» Prompt
Type out the listing below exactly. Pictures stay out of it.
(Data segment)
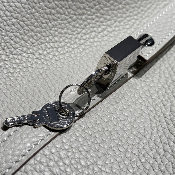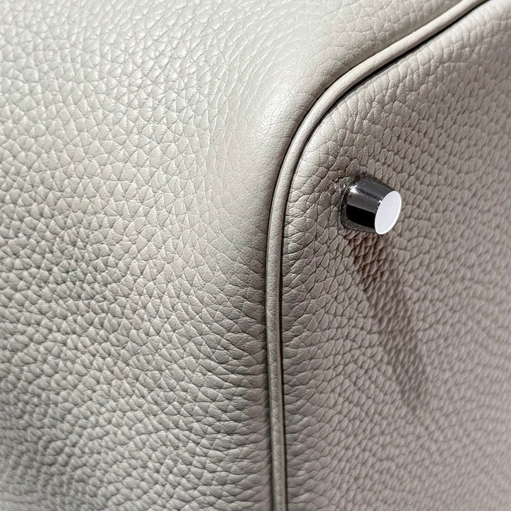 HERMES 25S PICOTIN LOCK 22 IN IVORY CALFSKIN SILVER HARDWARE
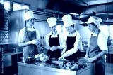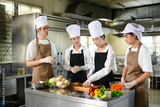 Group of young chefs in training focused on cutting vegetables during a cooking class
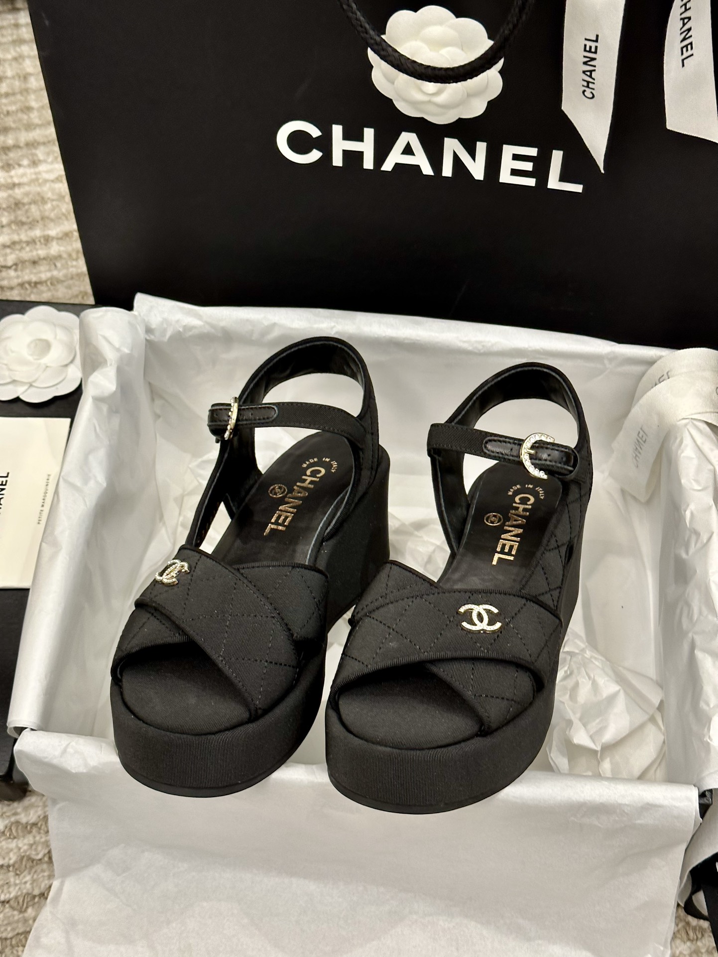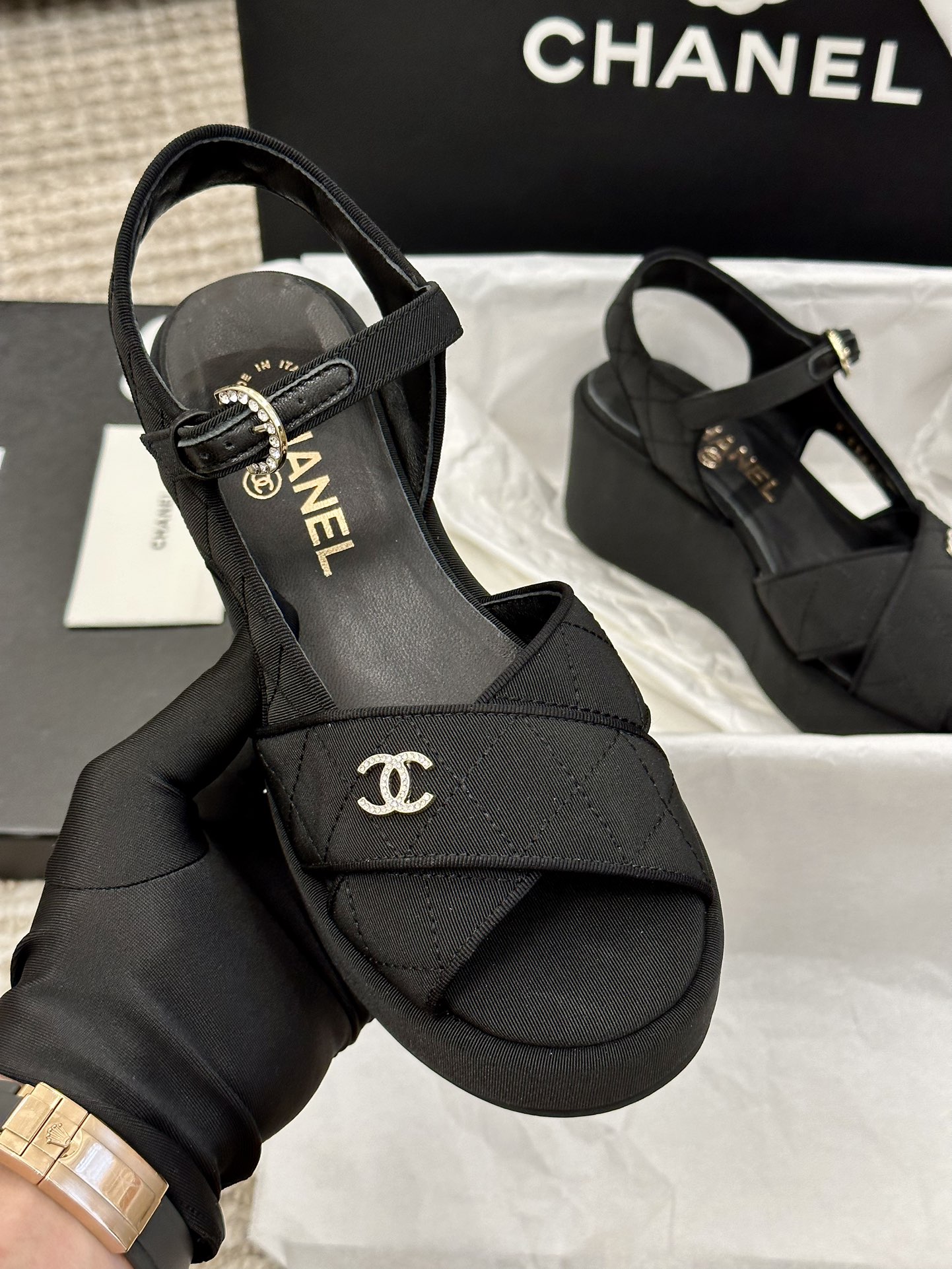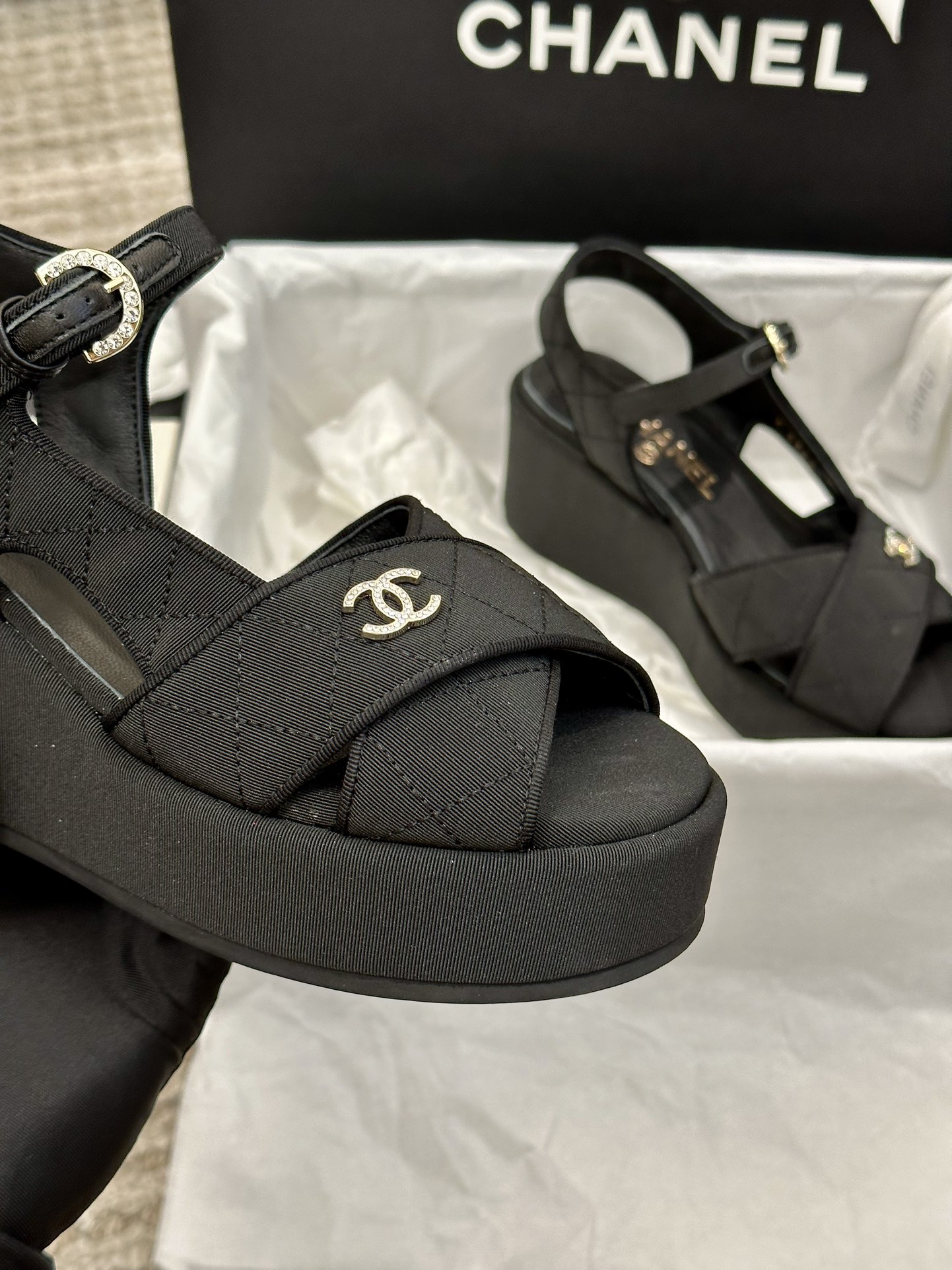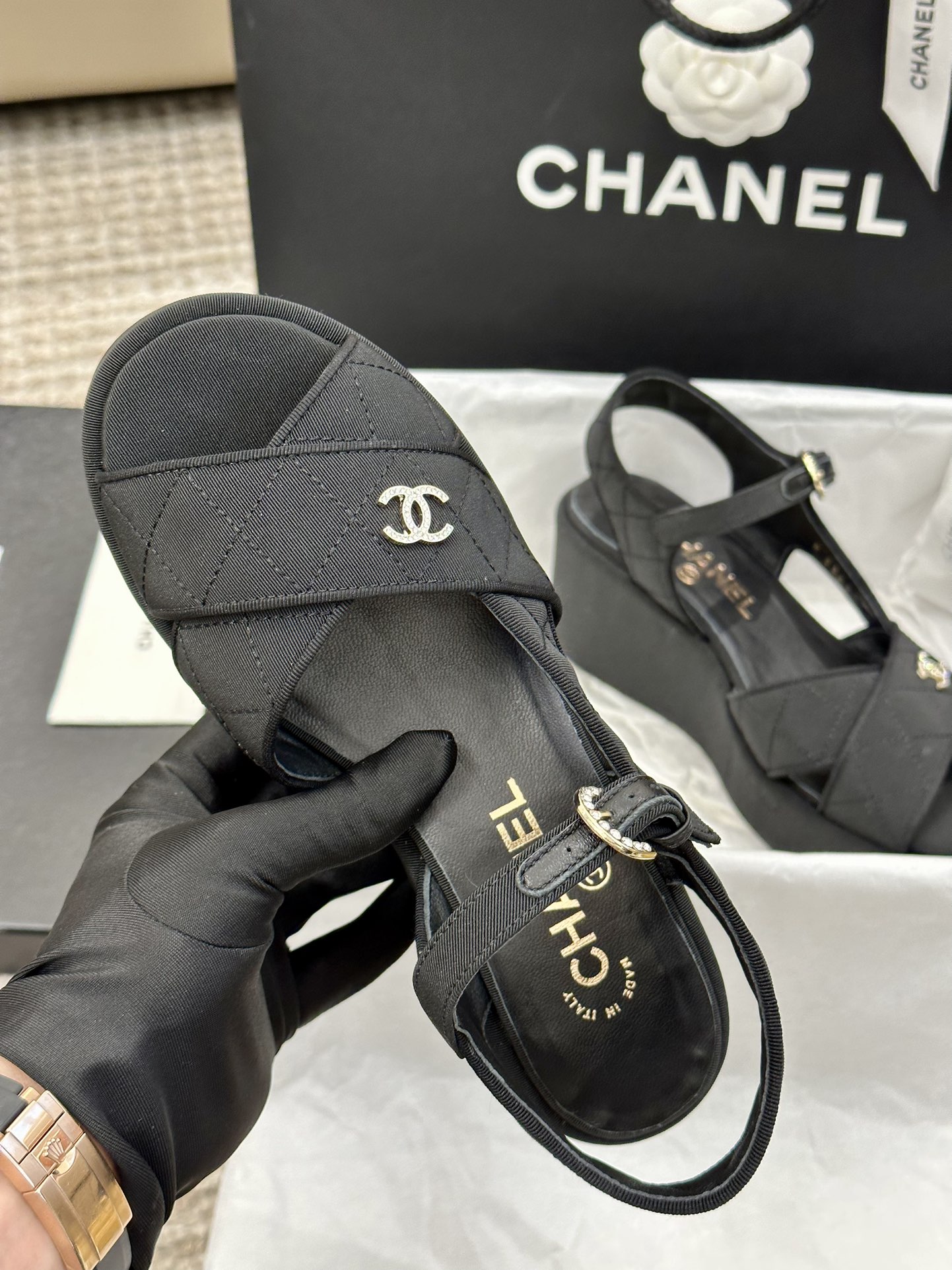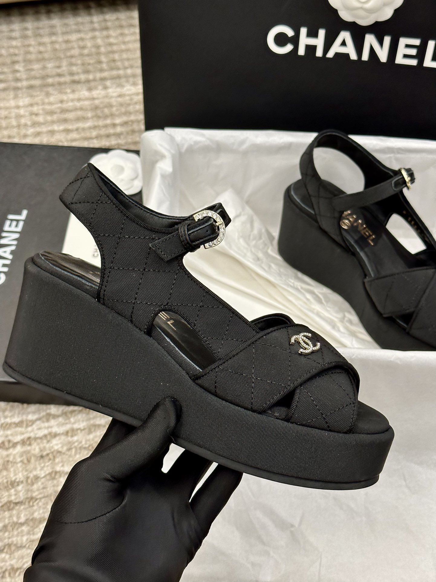 这款鞋子是AAAAA 1:1 质量 (非常棒). 使用了和原版一模一样的材料. 商标部分也保持了和香奈儿/Chanel一样. 图片拍摄是实物鞋子拍摄, 您所收到的实物保证和我们图片一模一样.
(End Data segment)
» Solution for this task
 HERMES 25S PICOTIN LOCK 22 IN IVORY CALFSKIN SILVER HARDWARE
 Group of young chefs in training focused on cutting vegetables during a cooking class
 这款鞋子是AAAAA 1:1 质量 (非常棒). 使用了和原版一模一样的材料. 商标部分也保持了和香奈儿/Chanel一样. 图片拍摄是实物鞋子拍摄, 您所收到的实物保证和我们图片一模一样.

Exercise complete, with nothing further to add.